Today, PSHE Brighton has formally issued an Open Letter to school governors across Brighton & Hove, accompanied by a Governor Safeguarding Briefing: Schools, Sex, and Safeguarding — What Governors Need to Know (2026).
These documents have been circulated via Clerks to Governing Bodies, with a clear purpose: to support governors in discharging their statutory safeguarding duties in a legal and regulatory landscape that has materially changed over the past year.
Why This Matters Now
Safeguarding is not static.

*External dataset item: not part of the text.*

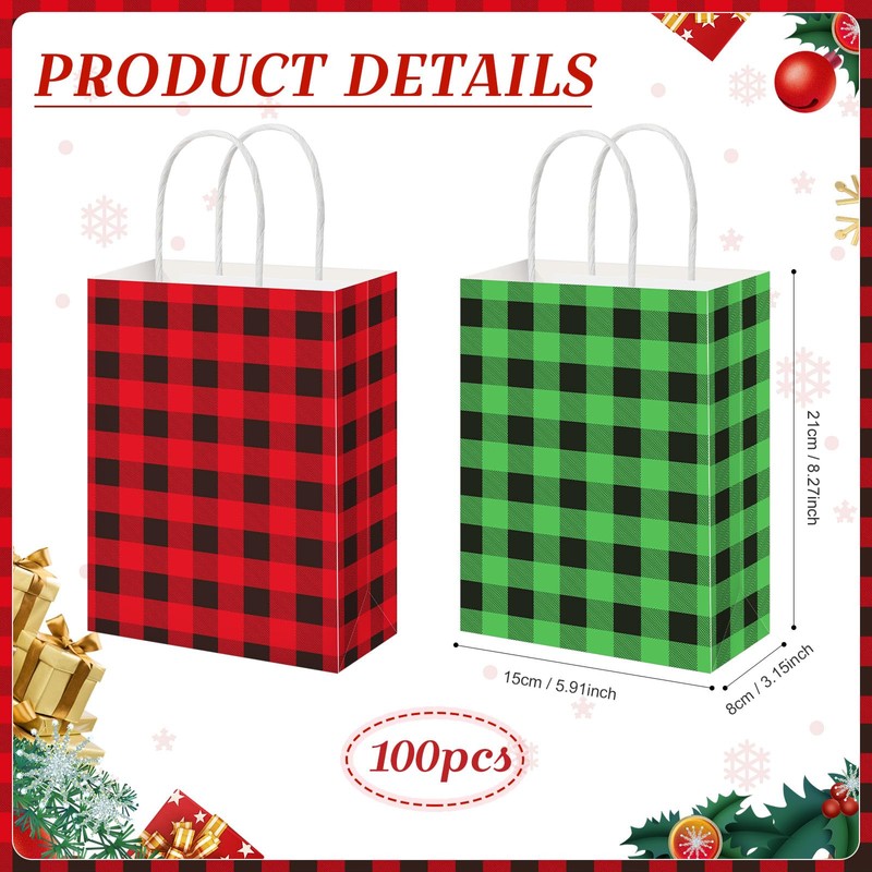 - Sufficient Quantity: you will receive 100 pieces Christmas buffalo plaid gift bags in 2 different colors, sufficient quantity and classic designs to meet your Christmas party decoration and Christmas gift packing needs

It evolves with:
- new evidence
- updated statutory guidance
- and developments in case law
Over the past 18 months, several developments have clarified expectations placed on schools and governing bodies, including the Cass Review, recent UK case law such as For Women Scotland v Scottish Ministers, and updated Department for Education guidance in Keeping Children Safe in Education.

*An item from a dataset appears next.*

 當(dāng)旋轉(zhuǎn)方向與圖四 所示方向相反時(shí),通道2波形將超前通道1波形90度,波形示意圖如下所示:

Taken together, these developments do not introduce new duties—but they sharpen and clarify existing ones.
The key point is simple:
Governing bodies must ensure safeguarding arrangements are not only in place, but effective in practice.
The Focus of the Open Letter
The Open Letter is not a policy document. It is a governance document.

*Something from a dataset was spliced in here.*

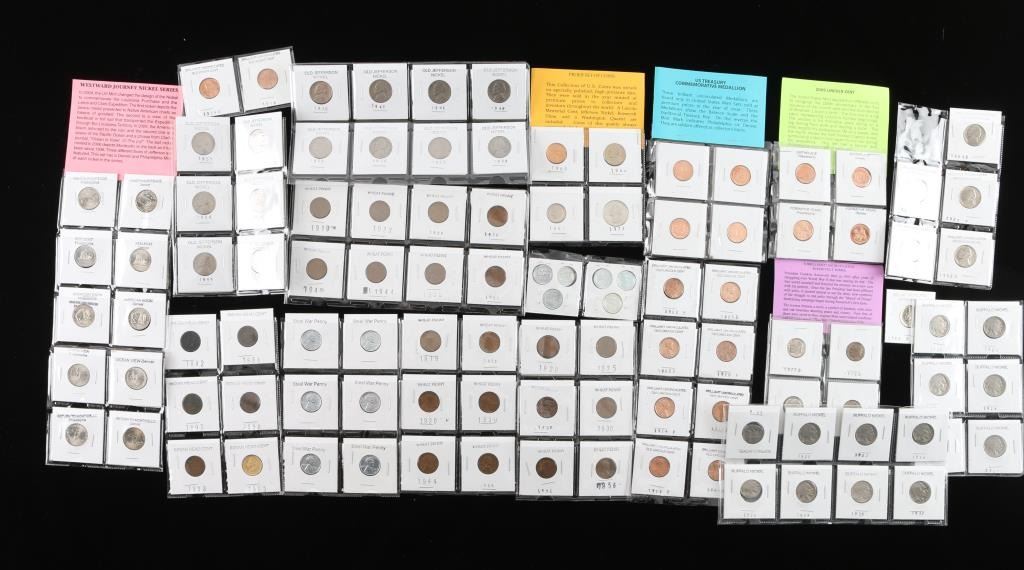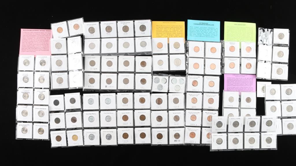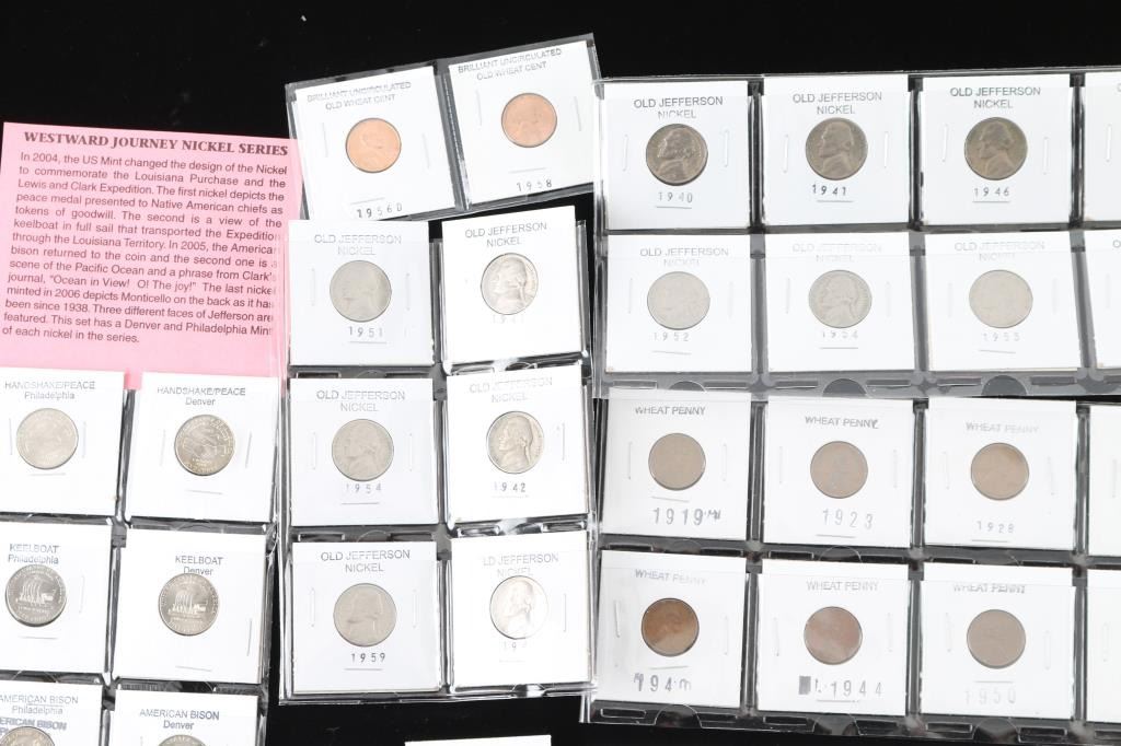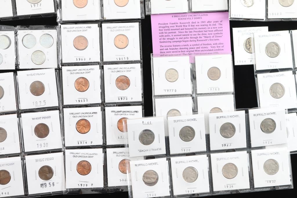 Includes a total of 40 nickels, from buffalo to uncirculated to old Jefferson, all various years an conditions.(1.) Includes 20 "wheat penny's. (2.) 8 uncirculated old Lincoln one cent coins, all in good condition.(3.) 12 steel war penny's(4.) 8 brilliant uncirculated Roosevelt dimes, in original mint condition.(5.) 8 mint US Treasury Commemorative medallions.(6) 8 mint 2009 Lincoln cent coins.(7) 6 Indian Head cent coins, in various conditions and years.(8.) Proof set of coins in mint condition.(9.) 1909 Lincoln head cent

It sets out, in clear terms:
- the non-delegable nature of safeguarding responsibility
- the requirement to identify, record, and actively manage risk
- the importance of board-level oversight and scrutiny
- the potential consequences where known risks are not acted upon
It also addresses a growing area of concern raised by local families: whether current practices relating to sex, facilities, and pupil support are fully aligned with safeguarding duties and the law.
The letter asks governing bodies to do something straightforward but essential:
Review, record, and verify.
The Governor Briefing: Practical Guidance
Alongside the letter, PSHE Brighton has issued a concise briefing designed for immediate use by governors.
The briefing covers:
1. What the Law Says About Sex
Clarifying that, under the Equality Act 2010, sex remains the basis for lawful single-sex provision, and that this has direct implications for safeguarding, privacy, and fairness.
2. Facilities and Safeguarding
Setting out the legal requirements for:
- toilets
- changing rooms
- privacy arrangements
and the need for these to operate in practice, not just on paper.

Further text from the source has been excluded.